Now how does the sales-side make money with financial products, in particular with zero-cost strategies?
As an example we consider a UK-based corporate treasurer exporting to the US. He expects USD 1 M in 6 months and needs to convert it to GBP with the goal to maximize the GBP amount whilst being protected with a worst case exchange rate should cable rise, i.e. should GBP become more expensive in USD. She would like to use the current Brexit negotiations and the potential upcoming drop in cable, but lock in a worst case of 1.3000 USD per GBP. This means that a worst she will have GBP 796,231 in 6 months, but ideally, she will have more pounds.
We use the market data of 10 December of GBP-USD spot reference 1.2600, GBP 6-months money market rate 0.97%, USD 6-months money market rate 2.799%, 116 swap points, a 6-months forward rate of 1.2716, ATM volatility 13.744%, 25-delta risk reversal -2.774%, and 25-delta butterfly 0.363%. We visualize the smile in Figure 1using a purely educational parabolic interpolator on the forward delta space.
Figure 1: Volatility smile of Dec 10 2019 visualized
A bank offers the treasurer a standard currency hedging strategy called the risk reversal.

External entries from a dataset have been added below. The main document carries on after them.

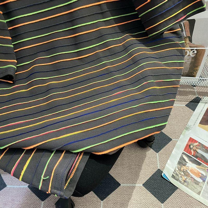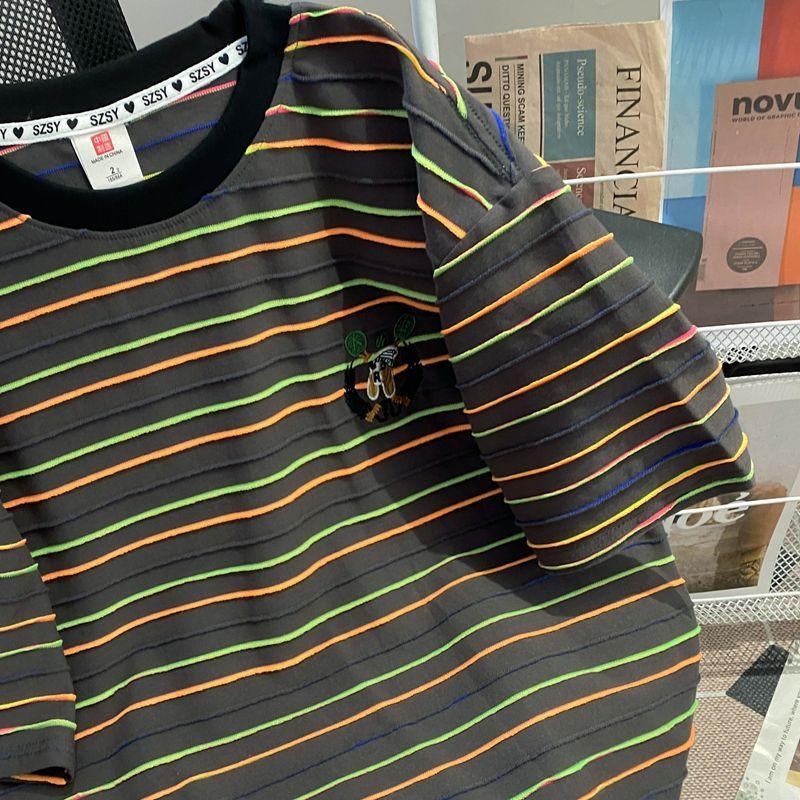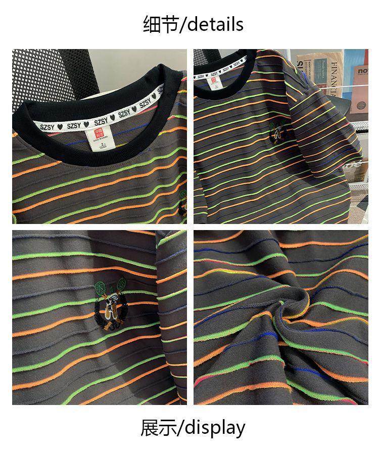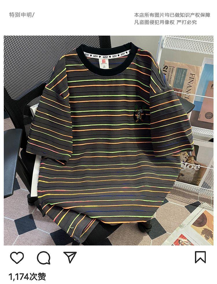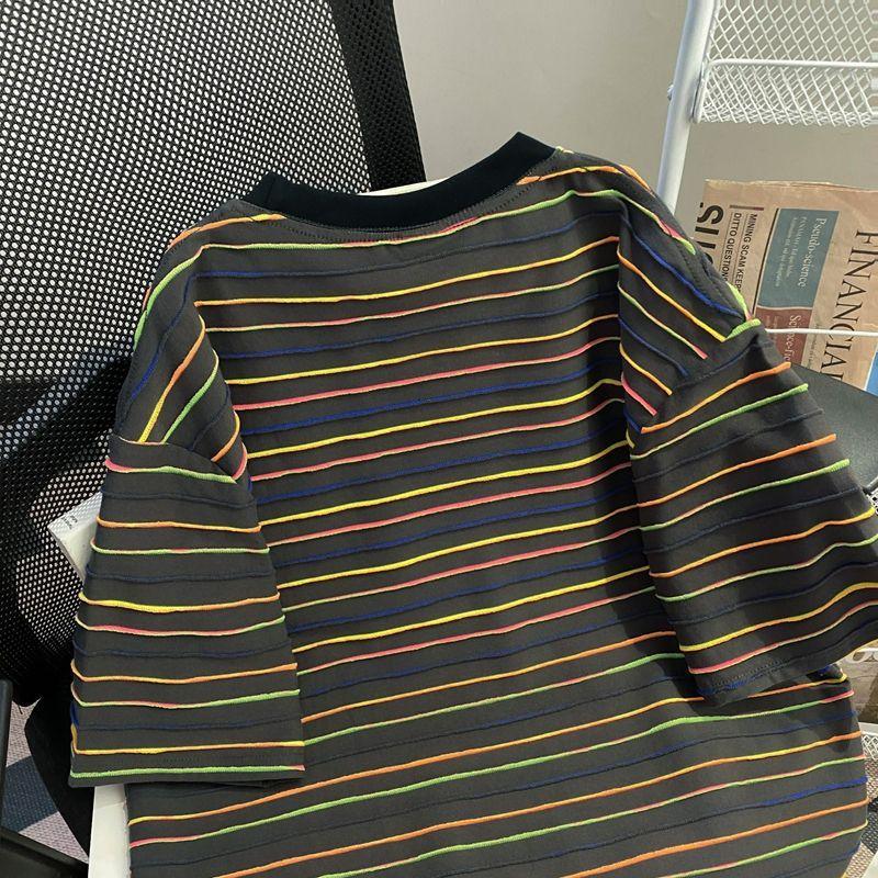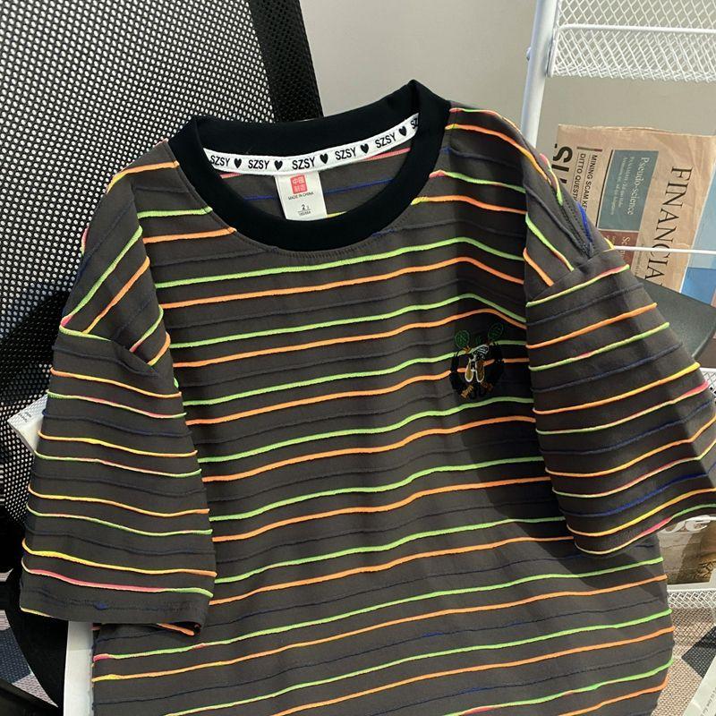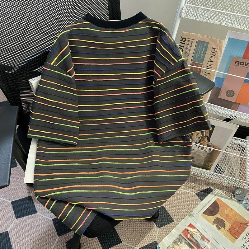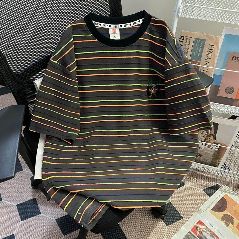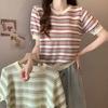 Playera de manga corta a rayas estilo retro chic de Hong Kong para mujer, delgada, cleanfit, de verano, holgada, con bloques de color, manga media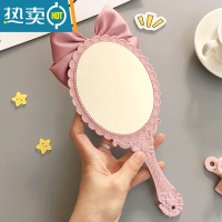 敬平可爱蝴蝶结少女创意手柄化妆镜手拿美容院化妆小镜子便携随身镜子 可爱粉色蝴蝶结便携式用镜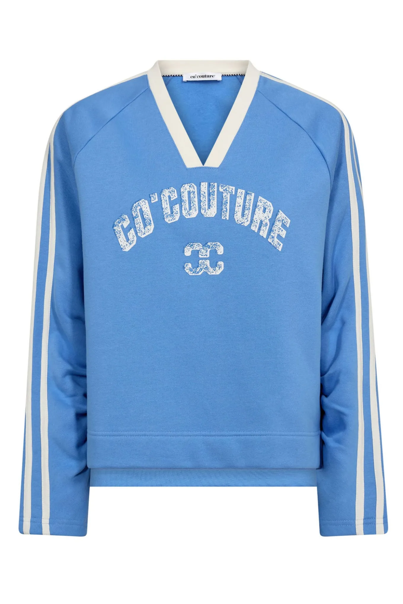 Sporty sweatshirt fra Co’couture med lange ærmer, v-udskæring i halsen og et cool slidt logo på brystet.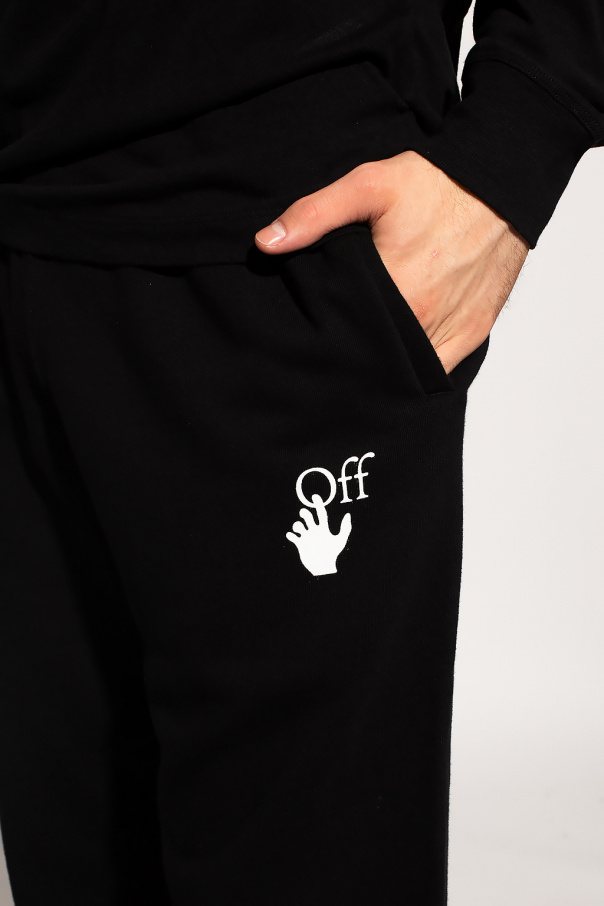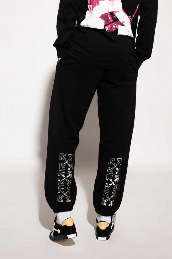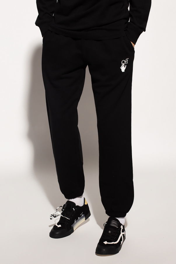 Black sweatpants from Off-White. Crafted from cotton, this pair features a drawstring waist, the label’s signature geometric print, two front pockets and ribbed cuffs.

In this strategy she buys a GBP call USD put with strike 1.3000, which represents her guaranteed worst case exchange rate in six months. To construct a zero-cost strategy she sells a GBP put USD call with strike 1.2400, which represents her best case. If the spot in 6 months trades between the best case and the worst case, she can sell her USD at the prevailing spot. If the spot trades above 1.3000, she has the right to sell her USD at 1.3000. If the spot trades below 1.2400, she is obliged to sell her USD at 1.2400.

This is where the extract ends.